You are very right, thanks for correcting me.
So the annotation package that is generated by Mark Dunning (based I presume on the annotation package supplied by Illumina) says there are 32,554 Illumina -> Ensembl transcript mappings, whereas the Ensembl Biomart says there are 35,354 such mappings.
And there are only 28,429 Illumina probes where both agree that there are any Illumina -> Ensembl transcript mappings at all, not to mention agreeing on what those mappings might be!
Thanks a lot for bringing this to our attention and as you said the probemapping is a complex mapping task and the different cutoffs and settings can generate different results.

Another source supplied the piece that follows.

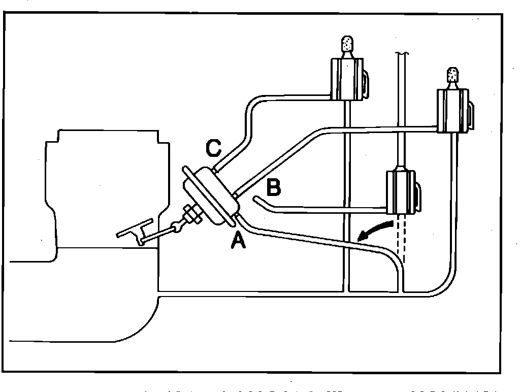 16. Attach the intake manifold vacuum directly to port C of the servo diaphragm. Increase the engine speed to 2,000 rpm, using the throttle lever, then release it.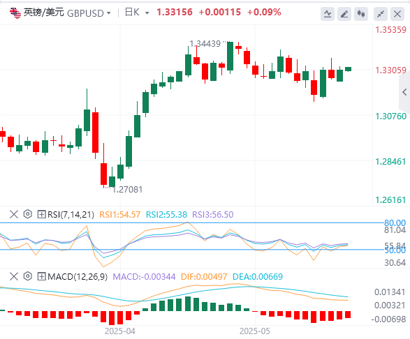 欧元:截止发稿,欧元/美元徘徊于1.1206附近。泛欧第一季度国内生产总值(GDP)数据略微下滑,环比降至0.3%。年化GDP仍保持在1.2%的水平,但第一季度数据的疲软仍让Fiber交易者感到犹豫。在美国,4月份生产者价格指数(PPI)通胀环比仅下降0.1%,让投资者暂时放松,感觉关税效应尚未影响关键经济数据。技术面上,如果欧元/美元跌破1.1150水平,它将测试最近的支撑位1.1110–1.1130。

I did have a look at the Illumina files: https://support.illumina.com/array/array_kits/humanht-12_v4_expression_beadchip_kit/downloads.html and I've noticed that the date for the text version is “05/23/2013” But when you open the file, you get a date of 15/4/2010. This is going back to Ensembl release 58 for May 2010 when the human assembly was still GRCh37.p7 or release 72 for Juin 2012 when the human assembly was GRCh37.p11. Ensembl.org on Ensembl release 83 is on the human assembly GRCh38.p5 so as you can imagine the sequences and geneset have changed quite a lot so I hope that we are comparing the same thing. I also don't know how the illuminaHumanv4.db package is doing the mapping from the Illumina file to Ensembl, is it mapping using RefSeq?. In Ensembl we take the probe sequences from Illumina and run Exonerate to compare and align to our genome (more information on the following page: http://www.ensembl.org/info/genome/microarray_probe_set_mapping.html).

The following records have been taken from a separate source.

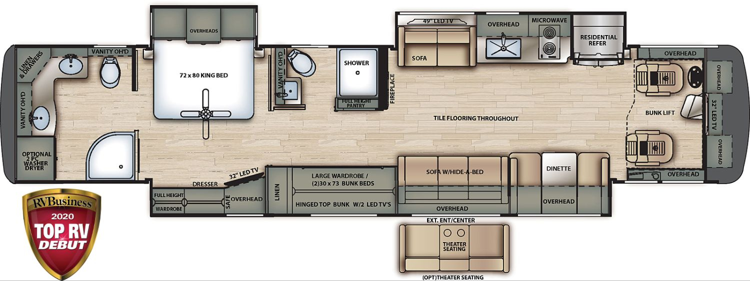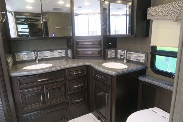 This Berkshire Xlt Class A Diesel has only 2507 miles, is 44ft 10in long, has a "45ca" floorplan, weighs 34393 (dry), is in great condition and is available to you at your family RV dealer Ponchatoula in Ponchatoula, LA.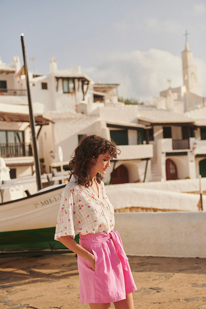 Cet été, choisissez le confort de ce short en lin à l'élégance décontractée. Fluide et facile à associer, de larges pans à nouer structurent ce modèle à porter avec un t-shirt imprimé pour les vacances.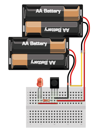 We will use 4xAA 1.5V batteries so that the voltage powering the sensor is about 6V. 2 batteries (3V) is too little. You can also get 5V from a microcontroller like an Arduino if you have one around. Ground goes to the middle pin.

I will contact Mark Dunning and investigate this issue further.
Thanks again for your feedback.
Regards,
Thomas
Mark does some extra annotation where he re-aligns the probes. These data are in the 'ExtraInfo' table:
So I think he does something much more sophisticated than using the Illumina mappings straight away. However, for this and all other ChipDb packages, there is only one mapping, in the end, that matters, and that is from Illumina ID -> Entrez Gene ID. The ChipDb packages may contain other tables, but when you use them to do a given mapping, the AnnotationDbi package will attach the 'probes' table of the ChipDb package to the required table in the respective OrgDb package (org.Hs.eg.db in this case) and then do a SQL query using the two tables.
So for instance if you want the Ensembl Trans ID for an Illumina probe, you will end up attaching the 'ensembl_trans' table from org.Hs.eg.db and then doing an inner join between the probes table in the illuminaHumanv4.db package and the ensembl_trans table from org.Hs.eg.db, using the Entrez Gene ID (the table index) to do the join. So we are dependent on what NCBI (and probably Ensembl) think are the correct mappings between Entrez Gene and Ensembl trans, as we just use what we can get from NCBI to set up the org.Hs.eg.db package.